(GIVEN INFORMATION begins)
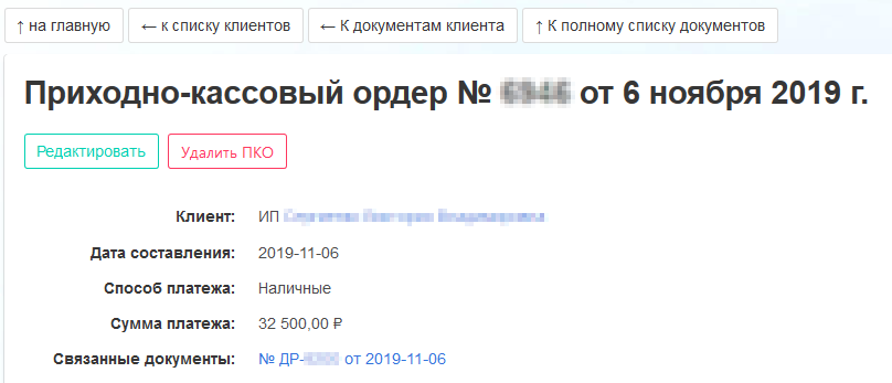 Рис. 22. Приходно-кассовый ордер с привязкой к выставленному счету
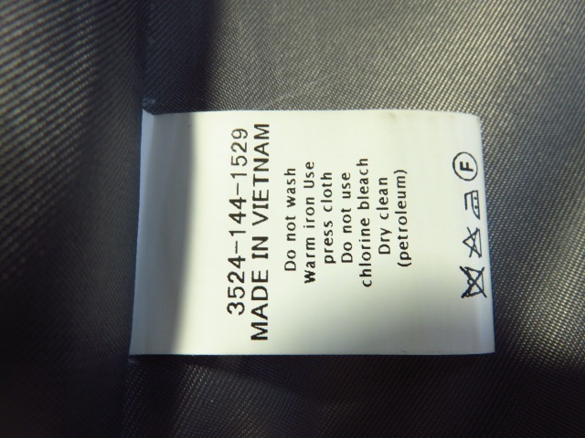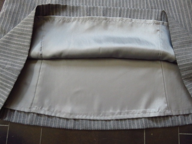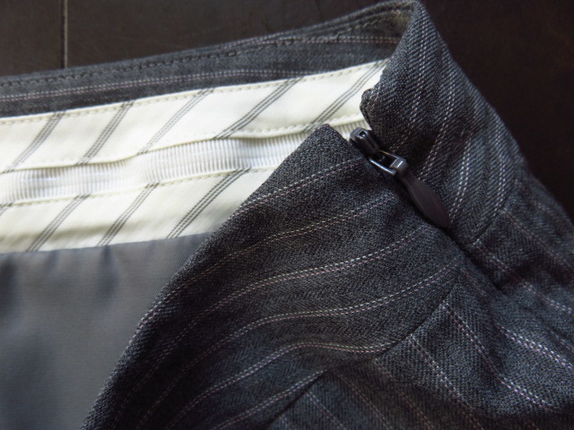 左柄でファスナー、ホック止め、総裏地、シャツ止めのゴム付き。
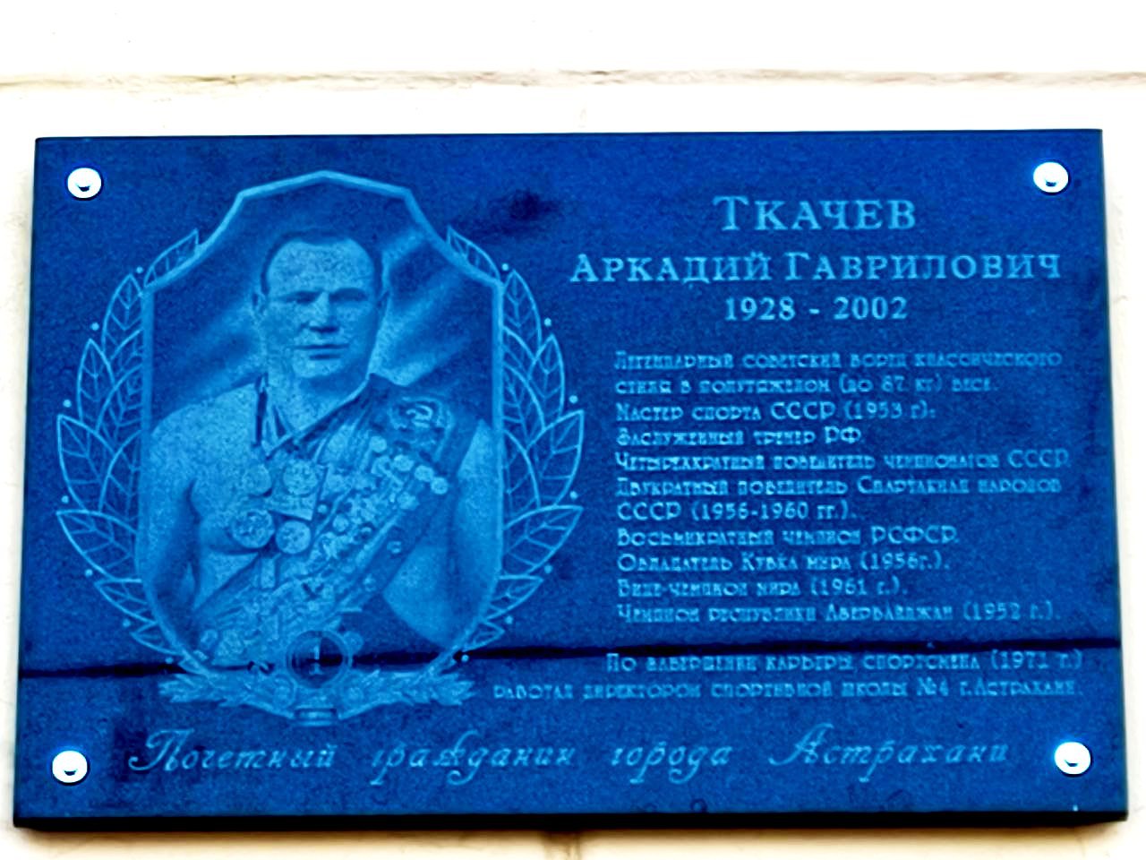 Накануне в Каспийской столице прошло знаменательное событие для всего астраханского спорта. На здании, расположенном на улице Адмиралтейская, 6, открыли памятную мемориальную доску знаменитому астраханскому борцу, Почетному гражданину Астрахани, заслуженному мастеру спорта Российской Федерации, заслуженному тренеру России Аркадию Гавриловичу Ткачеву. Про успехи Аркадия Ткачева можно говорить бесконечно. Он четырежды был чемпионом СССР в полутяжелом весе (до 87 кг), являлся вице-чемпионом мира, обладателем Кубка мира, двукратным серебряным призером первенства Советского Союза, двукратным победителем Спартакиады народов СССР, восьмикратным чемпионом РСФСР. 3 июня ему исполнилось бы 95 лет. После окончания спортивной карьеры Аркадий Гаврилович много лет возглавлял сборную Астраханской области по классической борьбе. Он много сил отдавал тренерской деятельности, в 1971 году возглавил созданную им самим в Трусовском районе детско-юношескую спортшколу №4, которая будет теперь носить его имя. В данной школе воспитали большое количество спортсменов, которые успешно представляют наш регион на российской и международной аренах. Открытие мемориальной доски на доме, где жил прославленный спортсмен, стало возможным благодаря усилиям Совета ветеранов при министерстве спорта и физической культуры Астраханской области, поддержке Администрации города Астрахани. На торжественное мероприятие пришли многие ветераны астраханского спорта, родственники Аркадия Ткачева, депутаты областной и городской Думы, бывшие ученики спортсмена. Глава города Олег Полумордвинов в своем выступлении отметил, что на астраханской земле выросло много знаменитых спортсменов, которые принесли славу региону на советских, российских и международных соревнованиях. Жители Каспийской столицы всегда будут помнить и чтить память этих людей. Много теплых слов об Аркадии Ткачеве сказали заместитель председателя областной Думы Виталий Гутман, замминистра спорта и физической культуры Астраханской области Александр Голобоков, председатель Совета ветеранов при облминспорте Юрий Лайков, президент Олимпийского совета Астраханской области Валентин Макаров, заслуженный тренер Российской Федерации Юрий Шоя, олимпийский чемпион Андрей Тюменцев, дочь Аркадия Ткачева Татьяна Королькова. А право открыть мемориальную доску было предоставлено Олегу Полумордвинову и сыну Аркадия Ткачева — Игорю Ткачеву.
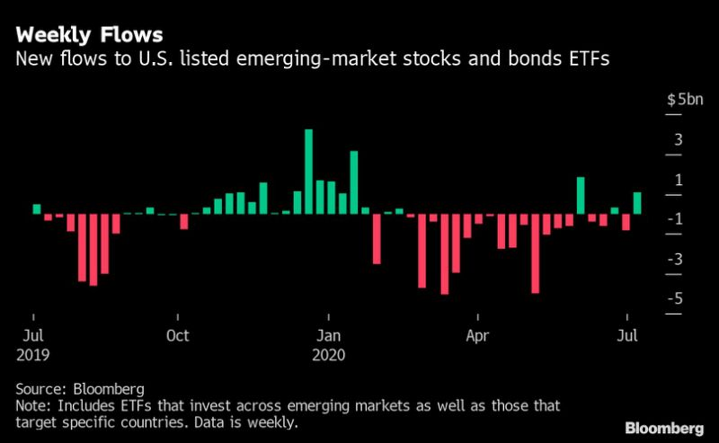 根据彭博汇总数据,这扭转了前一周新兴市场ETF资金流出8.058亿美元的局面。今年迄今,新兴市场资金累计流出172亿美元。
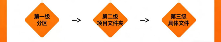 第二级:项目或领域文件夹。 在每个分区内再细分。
(GIVEN INFORMATION ends)
The task calls for all records to be set down precisely, excluding any images.

 Рис. 22. Приходно-кассовый ордер с привязкой к выставленному счету
 左柄でファスナー、ホック止め、総裏地、シャツ止めのゴム付き。
 Накануне в Каспийской столице прошло знаменательное событие для всего астраханского спорта. На здании, расположенном на улице Адмиралтейская, 6, открыли памятную мемориальную доску знаменитому астраханскому борцу, Почетному гражданину Астрахани, заслуженному мастеру спорта Российской Федерации, заслуженному тренеру России Аркадию Гавриловичу Ткачеву. Про успехи Аркадия Ткачева можно говорить бесконечно. Он четырежды был чемпионом СССР в полутяжелом весе (до 87 кг), являлся вице-чемпионом мира, обладателем Кубка мира, двукратным серебряным призером первенства Советского Союза, двукратным победителем Спартакиады народов СССР, восьмикратным чемпионом РСФСР. 3 июня ему исполнилось бы 95 лет. После окончания спортивной карьеры Аркадий Гаврилович много лет возглавлял сборную Астраханской области по классической борьбе. Он много сил отдавал тренерской деятельности, в 1971 году возглавил созданную им самим в Трусовском районе детско-юношескую спортшколу №4, которая будет теперь носить его имя. В данной школе воспитали большое количество спортсменов, которые успешно представляют наш регион на российской и международной аренах. Открытие мемориальной доски на доме, где жил прославленный спортсмен, стало возможным благодаря усилиям Совета ветеранов при министерстве спорта и физической культуры Астраханской области, поддержке Администрации города Астрахани. На торжественное мероприятие пришли многие ветераны астраханского спорта, родственники Аркадия Ткачева, депутаты областной и городской Думы, бывшие ученики спортсмена. Глава города Олег Полумордвинов в своем выступлении отметил, что на астраханской земле выросло много знаменитых спортсменов, которые принесли славу региону на советских, российских и международных соревнованиях. Жители Каспийской столицы всегда будут помнить и чтить память этих людей. Много теплых слов об Аркадии Ткачеве сказали заместитель председателя областной Думы Виталий Гутман, замминистра спорта и физической культуры Астраханской области Александр Голобоков, председатель Совета ветеранов при облминспорте Юрий Лайков, президент Олимпийского совета Астраханской области Валентин Макаров, заслуженный тренер Российской Федерации Юрий Шоя, олимпийский чемпион Андрей Тюменцев, дочь Аркадия Ткачева Татьяна Королькова. А право открыть мемориальную доску было предоставлено Олегу Полумордвинову и сыну Аркадия Ткачева — Игорю Ткачеву.
 根据彭博汇总数据,这扭转了前一周新兴市场ETF资金流出8.058亿美元的局面。今年迄今,新兴市场资金累计流出172亿美元。
 第二级:项目或领域文件夹。 在每个分区内再细分。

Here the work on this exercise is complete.